Come sistema per conoscere una nuova specie o una pianta che pensavi di conoscere già, ti suggerisco di iniziare con un approccio personale, ponendole domande come: «Chi sei? Perché sei qui? Posso inginocchiarmi davanti a te? Possiamo magari conoscerci a vicenda?» Poi, prima di fare qualcosa di avventato tipo mangiarla o strofinarla sul corpo o strappare “l’erbaccia” sconosciuta dal tuo giardino, completa e armonizza la tue sensazioni interiori riguardo alla pianta con ciò che puoi imparare attraverso lo studio e la ricerca; rintraccia informazioni su internet, esamina le fonti disponibili e ricorri all’ausilio di persone esperte. Credo di poter affermare che un’attenzione tranquilla e intuitiva è una tecnica che vale la pena provare, utile specialmente per iniziare una relazione spirituale con la cannabis.

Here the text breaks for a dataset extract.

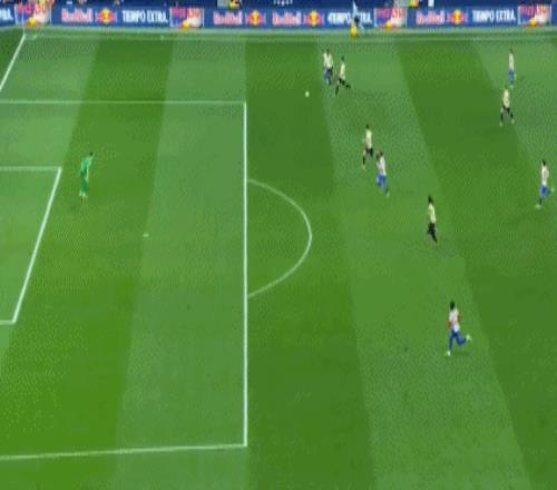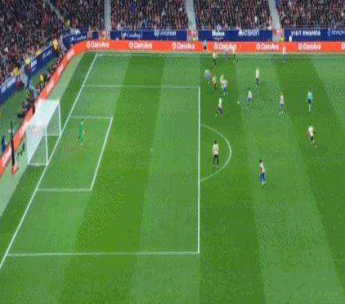 第30分鐘,阿爾瓦雷斯直傳策動(dòng)反擊,莫利納右路傳中,格列茲曼兜射打高,巴薩門前風(fēng)聲鶴唳。

La simbiosi è una relazione che crea beneficio a entrambe le parti, e questo è ciò che si può affermare riguardo alla relazione uomo-cannabis. Nel soddisfare il bisogno umano di fibre, cibo, medicine e di qualcosa che faciliti una percezione più morbida del mondo, la cannabis è diventata chiaramente un alleato indispensabile. Coltivando e diffondendo la pianta in tutto il mondo, gli esseri umani non solo hanno soddisfatto le proprie necessità, ma hanno giovato anche alla stessa Cannabis sativa e Cannabis indica. Abbiamo infatti selezionato tratti particolari per incrementare ognuna delle sue utili caratteristiche: la lunghezza e la forza di trazione delle sue fibre, il nutrimento dei suoi semi, le proprietà antidolorifiche delle sue foglie e cime, e le qualità di apertura nella comunicazione sociale, nell’arte e nello spirito dei suoi fiori resinosi.

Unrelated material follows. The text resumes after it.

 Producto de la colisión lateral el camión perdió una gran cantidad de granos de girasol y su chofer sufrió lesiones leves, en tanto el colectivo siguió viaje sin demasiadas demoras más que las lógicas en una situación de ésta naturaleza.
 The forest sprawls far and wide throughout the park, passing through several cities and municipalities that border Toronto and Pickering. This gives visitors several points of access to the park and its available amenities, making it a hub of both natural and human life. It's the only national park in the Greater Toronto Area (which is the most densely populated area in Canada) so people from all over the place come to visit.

Gli esseri umani hanno da subito riconosciuto anche le sue qualità spirituali. La cannabis è stata deposta all’interno delle tombe per millenni, presumibilmente per facilitare la transizione nell’aldilà dei defunti, o come regalo da inviare con lo spirito di colui che stava lasciando questo piano di realtà. Ho sparso le ceneri del mio amato zio nelle onde dell’Oceano Pacifico insieme ad alcune delle migliori cime che ho potuto trovare. Chi può dire come questi doni arriveranno nel mondo spirituale? Quando con i miei figli, ormai grandi, abbiamo sparso le ceneri del loro padre, abbiamo fumato insieme in suo onore per entrare in comunione con il suo spirito, per accompagnarlo nella transizione con la benedizione del profumo della pianta che lui amava di più.

So che molte altre persone fanno lo stesso tipo di rituali. Non solo la cannabis è stata a lungo un vero alleato, che con misericordia allevia le sofferenze dei morenti, ma il suo uso è diventato anche un modo per invocare e onorare gli spiriti di coloro che sono trapassati.